O halde, 15 Mayıs sabahı uyandığımızda (az bir kazanım olmasa da) "Şahsım rejiminin yıkılışı" haricinde pek çok şeyin değişeceğini ummak büyük hayalcilik olur.

Ama, buna rağmen "toptancı - retçi" bir anlayışla hareket etmemek, bu rejimin yıkılışı dahil, çok aşamalı ve uzun bir mücadele süreci içinde bulunduğumuzun idrakinde olmalıyız.
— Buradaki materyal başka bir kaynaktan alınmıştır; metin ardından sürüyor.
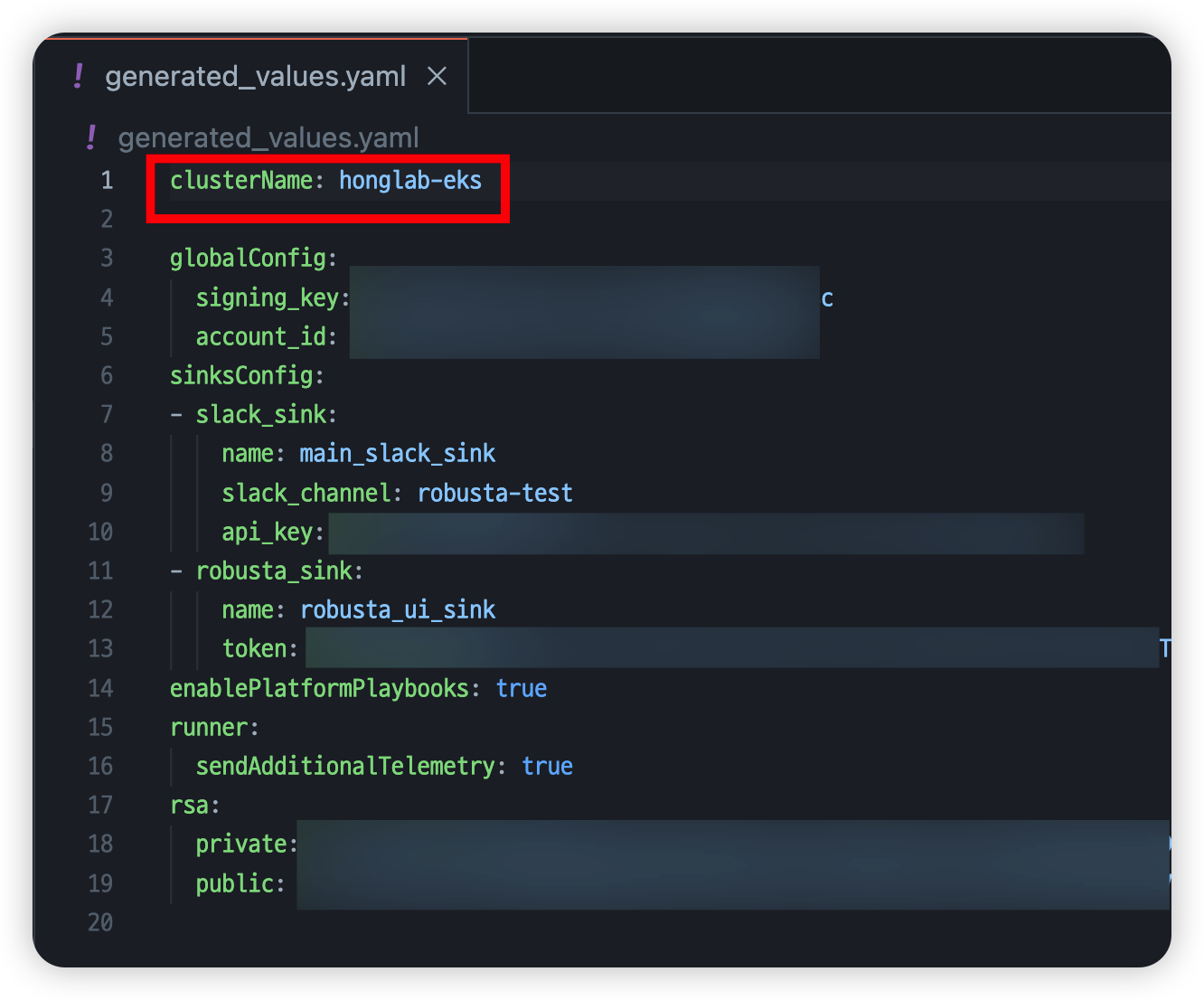 이 파일에 `clusterName`만 추가하면 설치준비는 끝난다. (robusta UI에서 구분되는 클러스터 이름이다.)
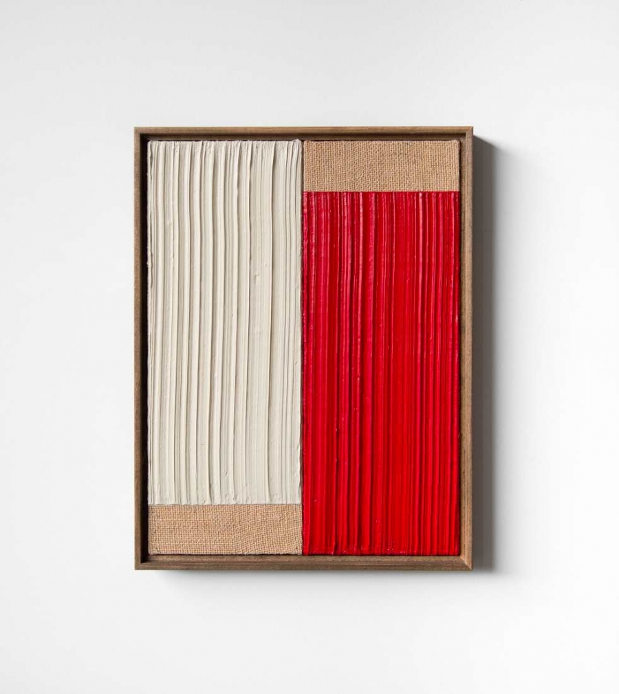 Untitled, White & Red VI 2021 Acrylic and oil on burlap 41 x 31 cm
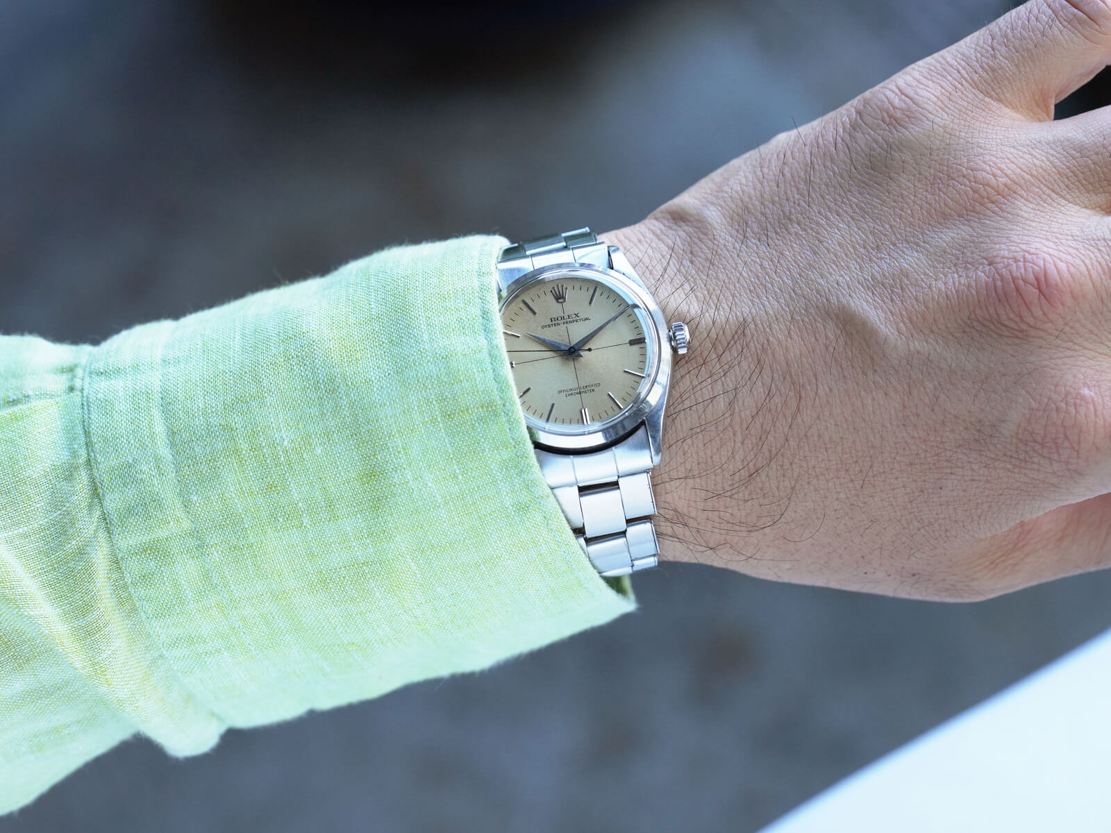 ブレスレットには、王冠マークが飛び出したようなデザインの[Big Crown Logo Clasp / デベソバックル]が付属した、純正のステンレス製オイスターリベットブレスをセッティング。歳月によって紡がれる、多様で個性的な美しさをご堪能いただける素敵な時計です。是非、店頭にてご覧ください。
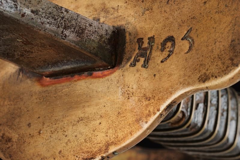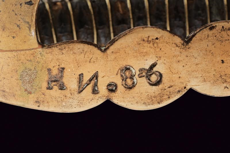 Lama curva a un filo e breve controfilo, sgusciata per quasi tutta la lunghezza, recante alla base tracce di un punzone. Varie evidenti intaccature. Fornimento in ottone con ampio elso a coccia recante resti di una marcatura non chiaramente leggibile e timbro "H93". Guardia a due rami, il terzo mancante, quello principale timbrato "HN.86". Impugnatura di sezione quadra con rivestimento in vecchia manica di cuoio ed avvolgimento in filo d'ottone. Piccoli danni e mancanze, segni d'uso e del tempo. Cappetta corta quadra. Fodero in cuoio (danni e mancanze) con fornimenti in ottone a due campanelle.

Bu rejimin gönderilmesi, 20 yıllık ağır bir kabus dönemine son verilmesi için emekçi güçlerin avazları çıktığı kadar bağırmak üzere meydanlarda olmaları, her ne pahasına olursa olursun koltuğa yapışmak isteyebilecek muktedirlerin seçim hilelerine karşı koyabilmek için sandıklara sahip çıkmak için her türlü çabayı göstermeleri, tarihi bir görevdir.

***

Seçimin sadece sandıktan ibaret olmadığını, meydanlarda, çarşıda pazarda, kapalı salonlarda, fabrikada, tarlada, işyerinde, kahvehanede, okulda, hayatın her alanında aktif ve görünür bir çaba ile "özgürlük, iş, aş, adalet" taleplerini haykırmanın da büyük önem taşıdığını vurgulamak gerekmektedir.

Unutmayalım ki, 2013’ün Şanlı Gezi Direnişi, CHP - Kılıçdaroğlu’nun başlattığı ama her kesimden milyonların destek verdiği 2017 Adalet Yürüyüşü, bu anlamda kitlelerin faşizan baskılara karşın nasıl mobilize edilebildiğinin çok önemli tarihi örneklerini oluşturmaktadır.

Tarih, gücüne güvenen emekçi kitlelerin sesinin gür çıkabildiği oranda özgürlük ve emek mücadelesinin başarıya ulaşabildiğini bize göstermiştir.

O halde, 14 Mayıs’a kadar (ve tabii sonrasında) "Ekmek, barış , adalet ve özgürlük" kavgası için meydanları hınca hınç doldurmanın, bugünün muktedirlerinin gönderilmesi mücadelesini yükseltmenin zamanıdır.